The importance of biodiversity for ecosystem functioning is well-known. Biodiversity can promote interactions that enable or modulate ecosystem functions (i.e., facilitation), determine the amount of niche space occupied within an ecosystem (i.e., complementation), and provide resistance and resilience to environmental perturbations and invasions. While the field of biodiversity-ecosystem functioning is well established, we (i.e., the authors) tend to think of biodiversity as the set of distinct genotypes, phenotypes and/or individual-level traits within an ecosystem. We then use this set to quantify biodiversity metrics, which may consider or disregard the abundances of distinct genotypes, phenotypes or individual-level traits. Is this the end of the story? Are genotypes, phenotypes, and individual-level traits the only components of biodiversity that one must consider?

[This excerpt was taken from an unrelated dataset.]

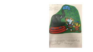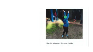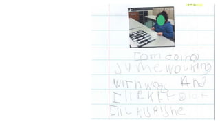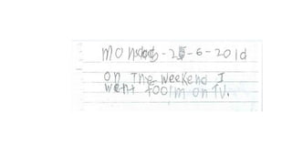 The document discusses the use of the Developmental Writing Scale to measure student progress in writing. It describes the 14 levels of the scale from drawing to multiple coherent paragraphs. The goal is to increase the percentage of students improving at least one level per year based on writing samples. Teachers collect samples twice per year and staff collaboratively rate them on the scale to monitor progress.

To be frank, we accidentally stumbled upon what we believe might be a novel (or at least poorly recognized) component of biodiversity. Briefly, our main interest is in microbial spatial self-organization, where different microbial cell-types distribute themselves non-randomly across space and form (often beautiful) spatial patterns (Fig. 1). These spatial patterns have consequences for ecosystem functioning, as they can determine the functions performed by a community, the rates at which those functions occur, the evolutionary processes acting on communities, and the resistance and resilience of communities to environmental change and invasions. To investigate the causes and consequences of spatial self-organization, we assemble simple binary communities together from pairs of microbial strains and propagate them across surfaces that are initially spatially homogeneous. What does this have to do with biodiversity? Perhaps naively, we expected that a single pair of microbial strains that interact with each other in a precise manner and expand across an initially homogeneous surface should produce a single pattern of spatial self-organization. To our surprise, however, we found that two different patterns emerge at the same length- and time-scales (Fig. 2). How is this possible? Does this represent a form of biodiversity?
After nearly eight years of work, we feel that we can now answer both of these questions. Regarding the ‘how’, we believe the formation of the two patterns has no genetic basis. Instead, it is a consequence of small differences in the initial spatial positionings of individuals. Regarding whether spatial pattern diversity represents a form of biodiversity, we believe so. The two patterns have different traits; namely, they have different expansion speeds. Spatial pattern diversity thus has consequences on ecosystem properties. A grand challenge for the future is to find clever ways to incorporate this form of biodiversity into modern biodiversity-ecosystem functioning theory.